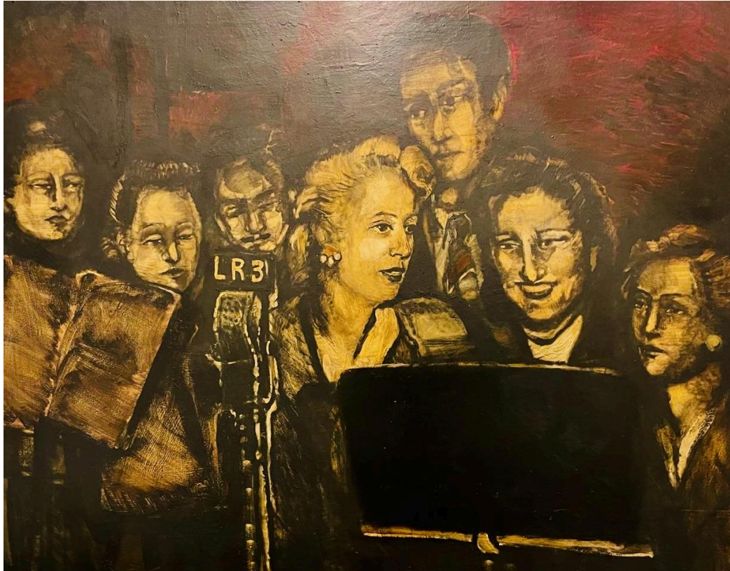
Women's Voices, Radio, National History Museum, Argentina, July 2025
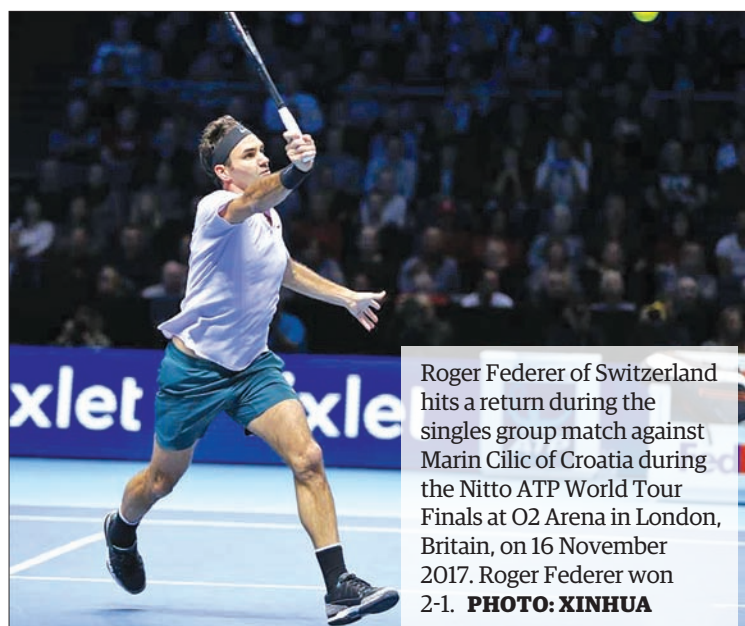
Roger Federer of Switzerland hits a return during the singles group match against Marin Cilic of Croatia during the Nitto ATP World Tour Finals at O2 Arena in London, Britain, on 16 November 2017. Roger Federer won 2-1.

LONDON — Champions Chelsea face a stiff challenge to defend their Premier League title from in-form leaders Manchester City but will fight till the end in the race, midfielder Willian has said. City have won 10 of their opening 11 league games and sit at the top of the table, nine points ahead of fourth-placed Chelsea. "It's difficult," Willian told BBC's Football Focus. "Manchester City are playing very well but I think we can fight for the title until the end." —Reuters ■
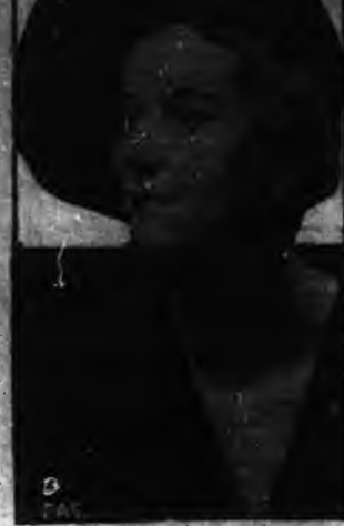
NEW YORK. Above is pictured an authentic tip-off of the trend in women's fall hats. It is the velvet beret, glorified with a forward movement and emphasized by clever fan-like inverted tocks. The simple band, knotted on the left, is of black belting ribbon.
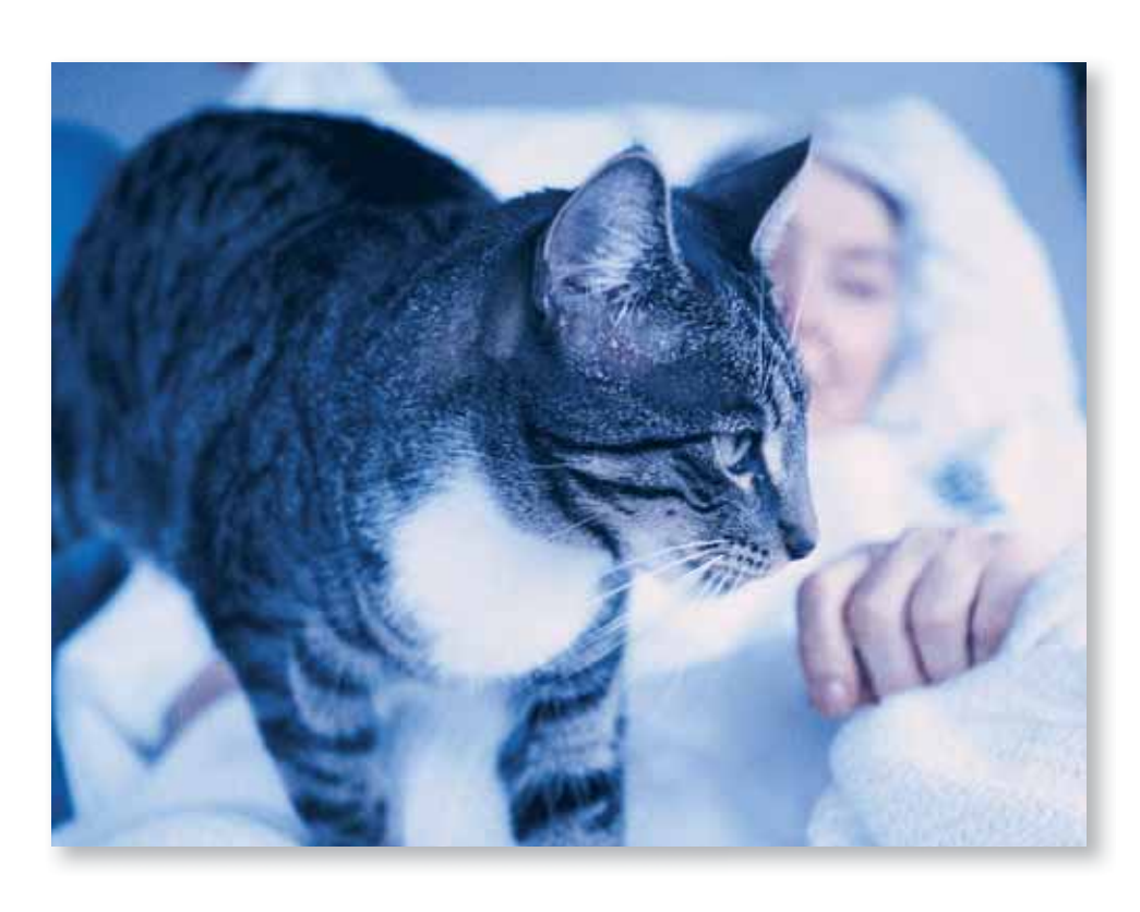
PAGE 20 NSW HEALTH Animal Visits & Interventions in Public and Private Health Facilities

-------

### TASK DIRECTIONS
A verbatim copy of the data, pictures removed, is the expected result.

### YOUR RESPONSE
Women's Voices, Radio, National History Museum, Argentina, July 2025
Roger Federer of Switzerland hits a return during the singles group match against Marin Cilic of Croatia during the Nitto ATP World Tour Finals at O2 Arena in London, Britain, on 16 November 2017. Roger Federer won 2-1.

LONDON — Champions Chelsea face a stiff challenge to defend their Premier League title from in-form leaders Manchester City but will fight till the end in the race, midfielder Willian has said. City have won 10 of their opening 11 league games and sit at the top of the table, nine points ahead of fourth-placed Chelsea. "It's difficult," Willian told BBC's Football Focus. "Manchester City are playing very well but I think we can fight for the title until the end." —Reuters ■
NEW YORK. Above is pictured an authentic tip-off of the trend in women's fall hats. It is the velvet beret, glorified with a forward movement and emphasized by clever fan-like inverted tocks. The simple band, knotted on the left, is of black belting ribbon.
PAGE 20 NSW HEALTH Animal Visits & Interventions in Public and Private Health Facilities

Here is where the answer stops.